Incidentally, Rosy and Vigathakumaran are also the themes of the signature film of the International Film Festival of Kerala (IFFK), happening in parallel in Thiruvananthapuram. In one of many acts of serendipity that brought the exhibition together, Bina Paul, who had coordinated the IFFK for 27 years, inaugurated the exhibition. Bina is a renowned film editor and one of the key members of the WCC.
The first person Vali and Joe contacted when they wanted to involve the WCC—instrumental in bringing out the Hema Committee report—was Bina Paul. Hers is one of the faces that often appear before the media for the collective, which was formed in the aftermath of a brutal sexual assault of a woman actor in February 2017. Bina’s voice and work, along with those of other WCC members such as filmmakers Asha Achy Joseph, Anjali Menon, and cinematographer Fowzia Fathima, are hung on the walls of the gallery. “They are part of the research work of filmmaker Miriam Chandy Menacherry, who has been documenting long-form interviews of WCC members,” says Joe.
Even their presence on the sets, working in fields not traditionally marked for women, becomes a statement. On one wall, you see paintings of 30 more women engaged in jobs stereotyped as men’s jobs—the work of artist Sreeja Pallam.
“All these women are real women she met. Many of them took up these jobs not tailored for them because of the need to support the family,” Vali says, linking financial independence to aspects of gender disparity and bias. She explains how the same biases seen in society are mirrored in cinema, a conversation that goes back and forth when one medium becomes a representation of the other.
This idea clearly manifests in Anjana’s exhibit Oru Chayakkada Scene (A Tea Shop Scene), which is perhaps the most alluring image in the gallery.
At the centre of the exhibit is a simple but very telling image of a group of women in a tea shop—workers relaxing with a cup of tea, sharing a laugh.
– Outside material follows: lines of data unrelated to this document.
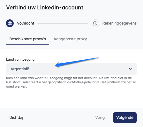- Kies bij het verbinden van LinkedIn een proxylocatie die overeenkomt met waar je normaal LinkedIn opent. Dit houdt alles soepel en consistent.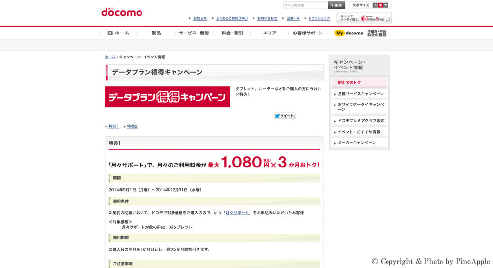 【NTT docomo】”iPhone” および “iPad” も対象になる “データ プラン得得キャンペーン” を実施へ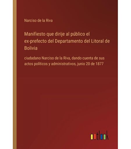 Binding : paperback, Label : Manifiesto que dirije al público el ex-prefecto del Departamento del Litoral de Bolivia : ciudadano Narciso de la Riva, dando cuenta de sus actos políticos y administrativos, junio 20 de 1877, medium : paperback, numberOfPages : 64, publicationDate : 2024-06-05, languages : spanish, ISBN : 3368055275 ...

It becomes remarkable only because of the rarity of such a picture—something as simple as taking a break from work to sit around a table at the local tea shop is, sadly, still too rare for working-class women. Like petals growing out of the image are scores of snapshots of ‘chayakkada’ scenes from Malayalam films through the ages, every single one showing only men in action. Anjana had worked on the central image as part of her project at the National Institute of Design; the snapshots of men’s pictures, surrounding it, were added as part of the exhibition.
In a small video of their interaction, made for the project, the women appear overjoyed by this simple act of pleasure. One of the women is Anjana’s mother, Ajitha. Among the others is one who had never been to the cinema after her marriage decades ago, and another who found it so difficult to enjoy herself, so unused was she to the idea of entertainment.
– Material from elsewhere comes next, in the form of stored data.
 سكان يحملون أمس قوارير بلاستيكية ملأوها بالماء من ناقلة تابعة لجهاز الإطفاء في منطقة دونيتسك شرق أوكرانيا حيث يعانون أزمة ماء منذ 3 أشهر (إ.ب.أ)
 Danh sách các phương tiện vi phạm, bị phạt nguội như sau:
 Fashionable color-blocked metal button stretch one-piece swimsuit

Vali extends these thoughts to the topic of abuse, saying how many women do not realise that there is an alternative—not only for jobs but for the life they lead. They do not know, she says, that they can leave an abuser and that this is not how they should be treated. She put out a video installation in collaboration with others, jotting down cliché lines that women often hear from an abuser: “Look what you made me do,” “I didn't want to hit you; you made me do it.” Anjana, Meera, and Vali laughed together when they realised they’d all heard variations of these same lines, until they realised it was not funny; it was scary how the workings of abuse could be so universal.
Flickering across a screen in the midst of it all are the two words: “adjustment” and “compromise.” These words repeat throughout the statements of women in the Hema Committee report—when they were asked to ‘compromise’ or ‘adjust’ in exchange for an opportunity to work. They are words also familiar to women around the world, entering new relationships, making commitments—words that are never about the peace they promise but the depths you are willing to lower yourself into.
The exhibition will end on February 8.